W III kwartale polska gospodarka powiększyła się o 4,9 proc. rok do roku, najbardziej od 2011 r. Jeśli bieżący kwartał przyniesie spowolnienie wzrostu PKB, to tylko minimalne. Martwić może jedynie to, że kołem zamachowym gospodarki pozostają wciąż konsumpcja i inwestycje publiczne. Wydatki inwestycyjne w sektorze prywatnym, nie licząc mieszkaniowych, rosną niemrawo.

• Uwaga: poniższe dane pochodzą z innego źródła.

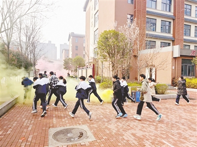 3月18日,郾城中学组织开展消防安全应急疏散演练。王姗姗 摄
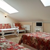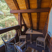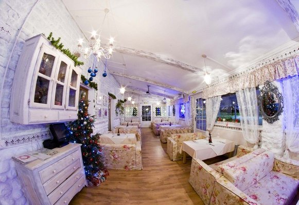 Магия уютного помещения – просторного и камерного одновременно, наполненного струящимся светом, декорированного просто и изысканно – окутывает каждого вошедшего. Хочется утонуть в мягких диванах под картинами Владимира Велегова или устроиться рядом с настоящим, «живым» очагом в центре зала, а можно выбрать место на летней веранде, любуясь колоритным пейзажем и вдыхая запах соснового леса, смешанного с ароматом морского прибоя.
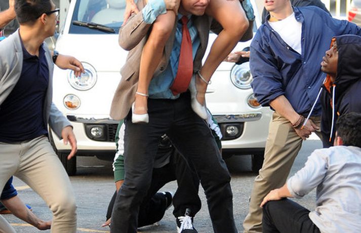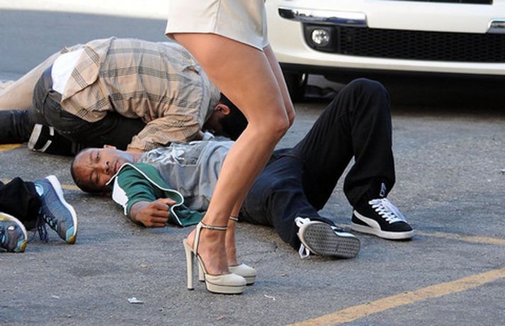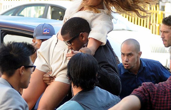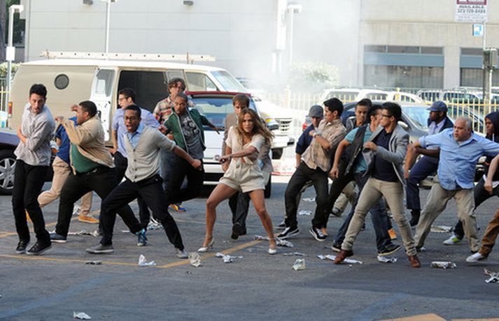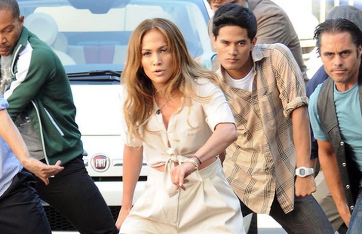 Í meðfylgjandi myndaalbúmi má sjá Jennifer Lopez, 42 ára, ásamt fjölda dansara við tökur á nýju tónlistarmyndbandi.Fegurð kemur innan frá. Þú sérð hana endurspeglast í augunum á fólki, lét Jennifer, sem var nærri dottin af baki eins dansarans, hafa eftir sér.Hér má sjá Jennifer sjóðheita í leðri.myndir/cover media
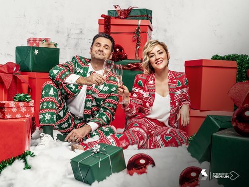 La pareja de presentadores posa con copas de champán en un decorado navideño para las Campanadas 2020-2021.
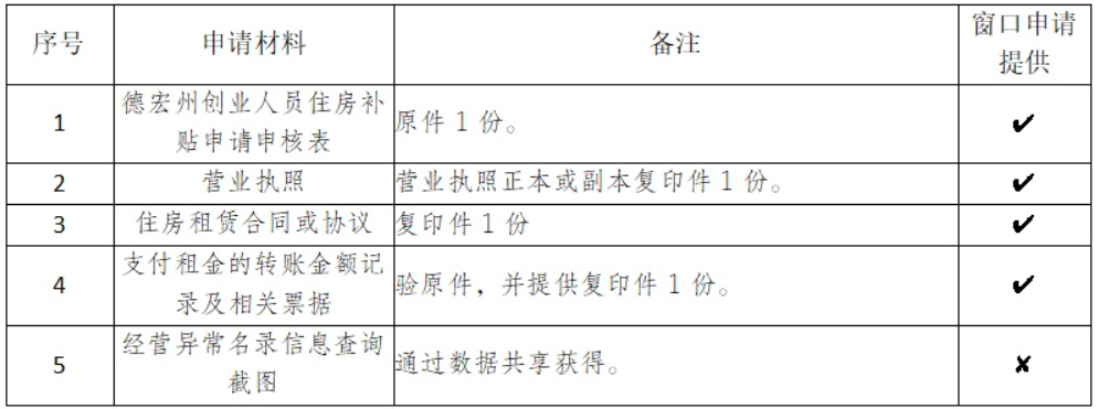 德宏州人民政府办公室关于印发《德宏州实施就业创业“引凤计划”五条措施》的通知(德政办发〔2025〕18号)规定,妥善解决创业人员住房问题,对住房困难且符合条件的创业者进行住房保障,各县市拿出部分保障房优先作为州内外创业青年的过渡性住房和临时安置用房;对无法安排保障房,由住房困难创业者自行解决住房的,创业2年内(自工商登记注册之日起计算)由州级财政给予住房补贴,补贴标准按每人每月300元给予定额补助。

Popycha nas wiatr znad Renu
Jak podał we wtorek GUS, produkcja sprzedana przemysłu zwiększyła się w listopadzie o 9,1 proc. rok do roku, po zwyżce o 12,3 proc. rok do roku w październiku. Ten ostatni odczyt podbił korzystny układ kalendarza, więc spowolnienie wzrostu produkcji w listopadzie było przez ekonomistów oczekiwane (przeciętnie do 9 proc. rok do roku). Przemawiała za tym również wysoka baza odniesienia sprzed roku.
Patrząc z nieco innej perspektywy, wydaje się, że sektor przemysłowy wciąż nabiera rozpędu. W minionych trzech miesiącach jego produkcja rosła średnio w tempie 8,5 proc. rok do roku. Ta średnia krocząca ostatnio była wyższa w marcu 2011 r.
– Wynikom przemysłu pomagają ożywienie gospodarcze u naszych głównych partnerów handlowych i rosnący eksport. Dodatkowym wsparciem jest silny popyt krajowy, zarówno konsumpcyjny, jak i inwestycyjny. W rezultacie wzrost produkcji ma szeroki zakres – uważa Grzegorz Maliszewski, główny ekonomista Banku Millennium. Spośród 34 wyróżnianych przez GUS działów przemysłu wzrost produkcji rok do roku odnotowało w listopadzie aż 29.